Solaris Volume Manager Administration Guide

Chapter 14 RAID 5 Volumes (Overview)

This chapter provides conceptual information about Solaris Volume Manager RAID 5 volumes. For information about performing related tasks, see Chapter 15, RAID 5 Volumes (Tasks).

This chapter contains the following:

Overview of RAID 5 Volumes

RAID level 5 is similar to striping, but with parity data distributed across all components (disk or logical volume). If a component fails, the data on the failed component can be rebuilt from the distributed data and parity information on the other components. In Solaris Volume Manager, a RAID 5 volume is a volume that supports RAID level 5.

A RAID 5 volume uses storage capacity equivalent to one component in the volume to store redundant information (parity) about user data stored on the remainder of the RAID 5 volume's components. That is, if you have three components, the equivalent of one will be used for the parity information. If you have five components, then the equivalent of one will be used for parity information. The parity is distributed across all components in the volume. Like a mirror, a RAID 5 volume increases data availability, but with a minimum of cost in terms of hardware and only a moderate penalty for write operations. However, you cannot use a RAID 5 volume for root (/), /usr, and swap, or for existing file systems.

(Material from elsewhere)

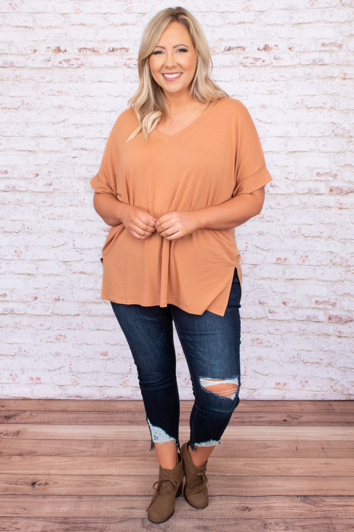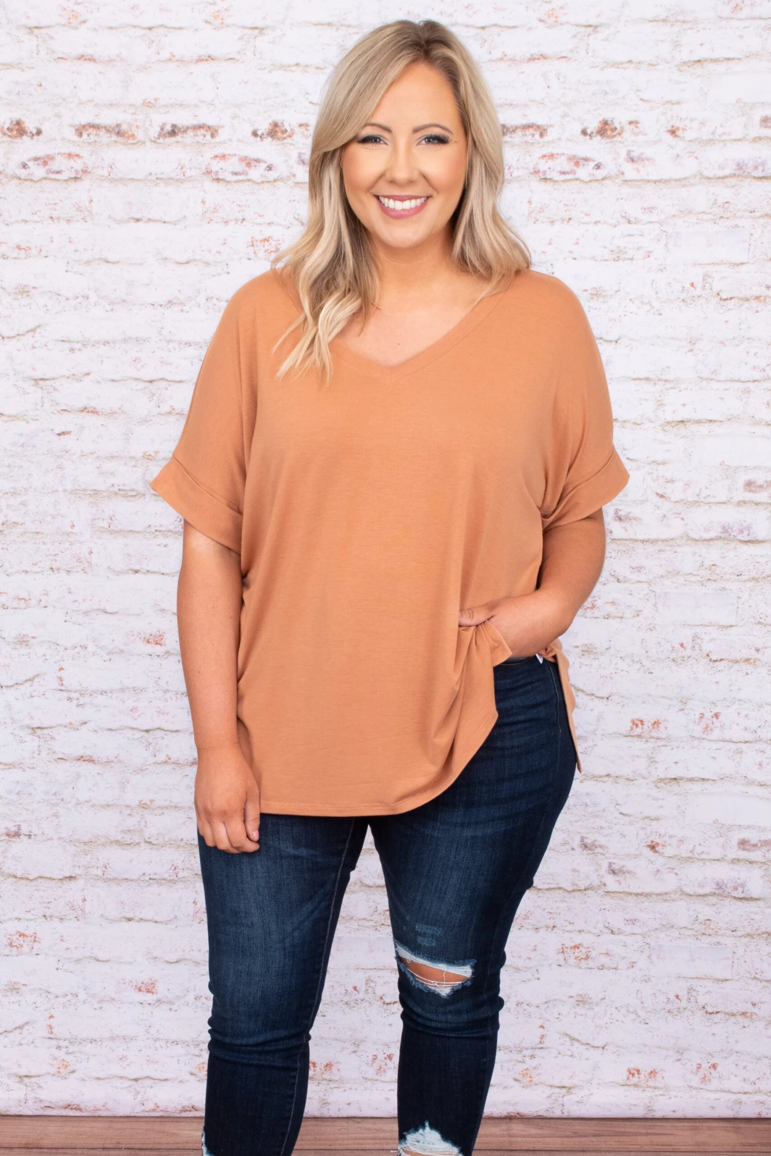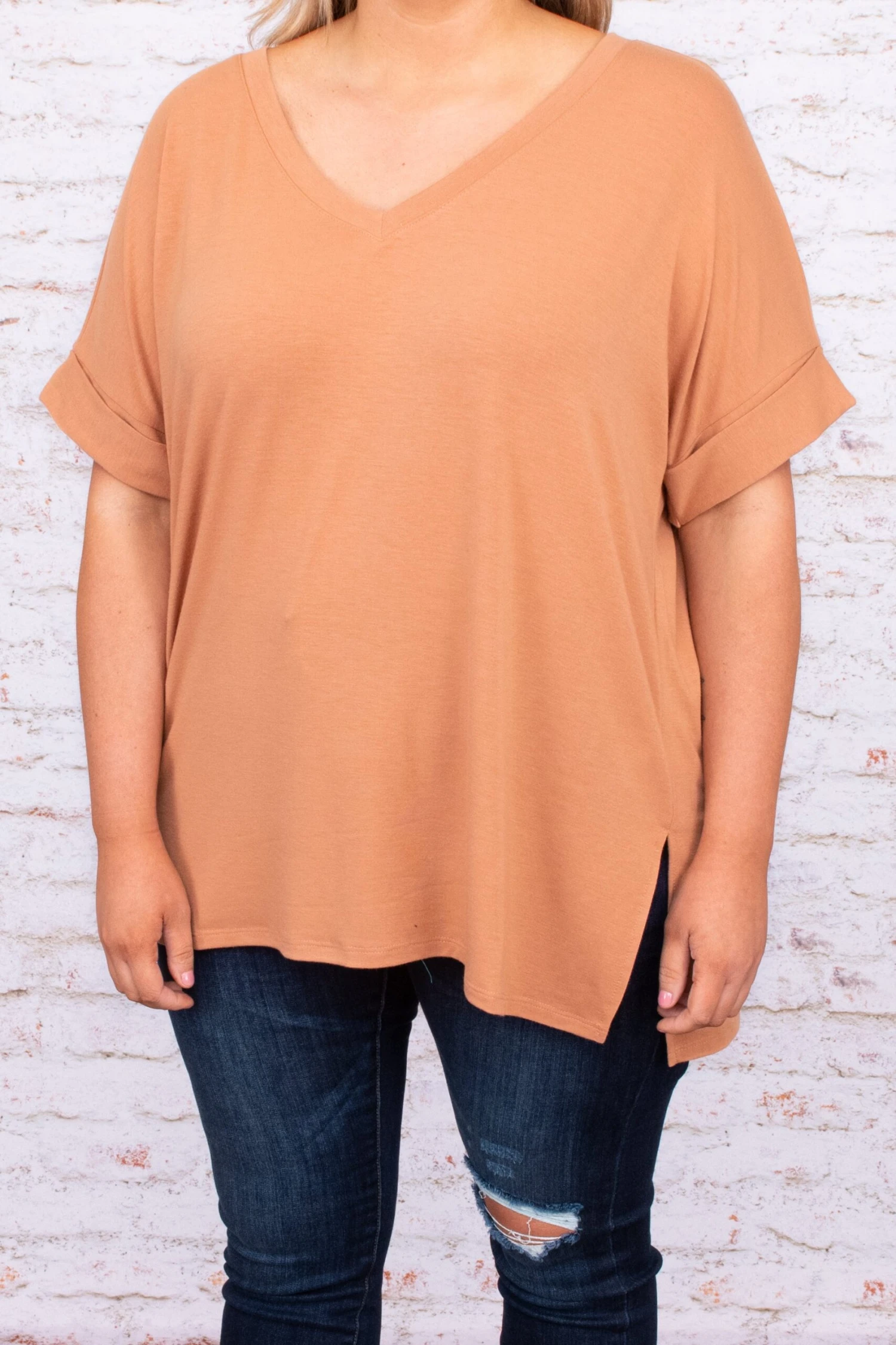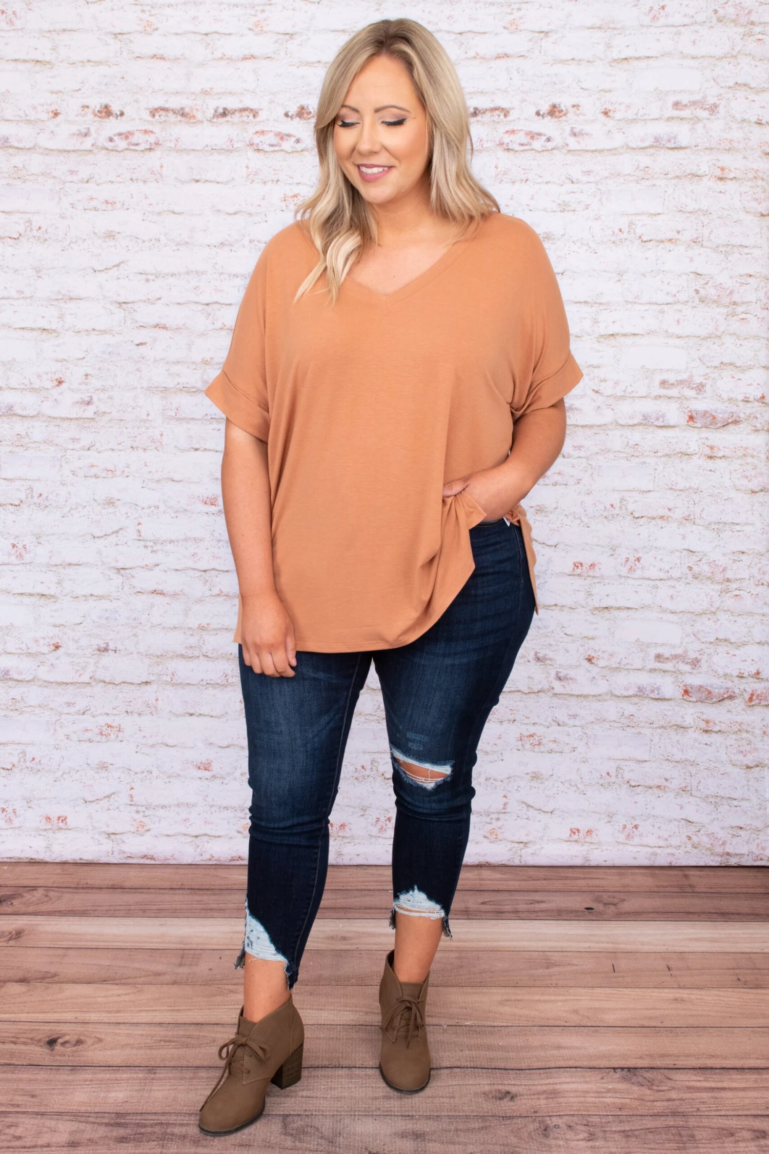 Travel comfortably in this cute top! It’s a solid camel-colored top that is a closet staple! It has a relaxed fit and super soft fabric that will keep you comfy from day to night! Throw it on with leggings and sneakers for your next adventure!

Solaris Volume Manager automatically resynchronizes a RAID 5 volume when you replace an existing component. Solaris Volume Manager also resynchronizes RAID 5 volumes during rebooting if a system failure or panic took place.

Example—RAID 5 Volume

Figure 14–1 shows a RAID 5 volume, d40.

The first three data chunks are written to Disks A through C. The next chunk that is written is a parity chunk, written to Drive D, which consists of an exclusive OR of the first three chunks of data. This pattern of writing data and parity chunks results in both data and parity being spread across all disks in the RAID 5 volume. Each drive can be read independently. The parity protects against a single disk failure. If each disk in this example were 2 Gbytes, the total capacity of d40 would be 6 Gbytes. (One drive's worth of space is allocated to parity.)

Figure 14–1 RAID 5 Volume Example

Diagram shows how several components are combined and
parity introduced to present a RAID 5 volume for use.

Example—Concatenated (Expanded) RAID 5 Volume

The following figure shows an example of an RAID 5 volume that initially consisted of four disks (components). A fifth disk has been dynamically concatenated to the volume to expand the RAID 5 volume.

Figure 14–2 Expanded RAID 5 Volume Example

Diagram shows how additional components can be concatenated
onto a RAID 5 volume to provide a larger volume with redundancy.

The parity areas are allocated when the initial RAID 5 volume is created. One component's worth of space is allocated to parity, although the actual parity blocks are distributed across all of the original components to distribute I/O. When you concatenate additional components to the RAID, the additional space is devoted entirely to data. No new parity blocks are allocated. The data on the concatenated components is, however, included in the parity calculations, so it is protected against single device failures.

Concatenated RAID 5 volumes are not suited for long-term use. Use a concatenated RAID 5 volume until it is possible to reconfigure a larger RAID 5 volume and copy the data to the larger volume.

Note –

When you add a new component to a RAID 5 volume, Solaris Volume Manager “zeros” all the blocks in that component. This process ensures that the parity will protect the new data. As data is written to the additional space, Solaris Volume Manager includes it in the parity calculations.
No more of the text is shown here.